Modern LLMs are built on the Transformer architecture (2017)—parallel attention instead of slow recurrent loops—enabling training on web-scale text.
Encoder vs decoder
- Encoder-only (BERT-style) — great embeddings and classification
- Decoder-only (GPT-style) — autoregressive text generation
- Encoder–decoder (T5-style) — translation and summarization patterns
Chat LLMs you integrate are usually decoder-only.
Autoregressive generation
# Conceptual next-token loop
context = "The capital of France is"
# model outputs distribution over vocab; pick token (greedy or sample)
# append token, repeat until stop or max tokens
Why scale matters
More parameters and data improve fluency and reasoning on many benchmarks—but also increase cost, latency, and misuse potential. Product choice is not always the biggest model.
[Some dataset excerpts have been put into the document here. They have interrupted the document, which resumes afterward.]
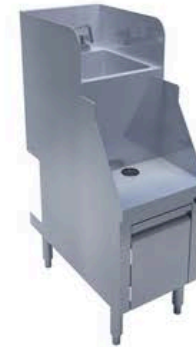
BLENDER STATION 12", 15", 18", 24"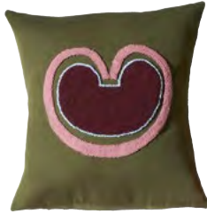
olive green/purple red 00ANIPM2-M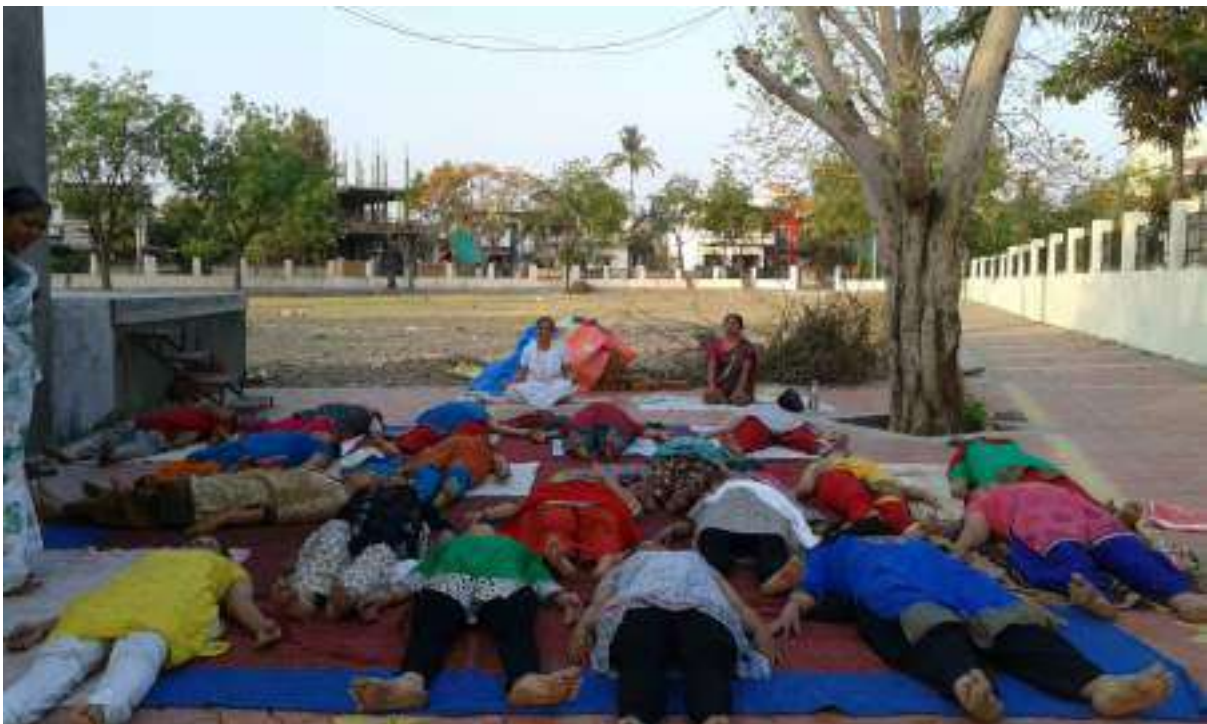
Participants at yoga camp performing different asanas

Important interview questions and answers
- Q: Which stack powers ChatGPT-style apps?
A: Decoder-only autoregressive transformers.
Self-check
- Encoder vs decoder-only use case?
- What does autoregressive mean?
Tip: Chat LLMs are decoder-only—encoder-only BERT is for embeddings/classification, not open-ended chat.
Interview prep
- Decoder-only?
Autoregressive chat models predict next token; GPT-style stacks dominate assistants.
- Autoregressive?
Each new token is conditioned on all prior tokens in context.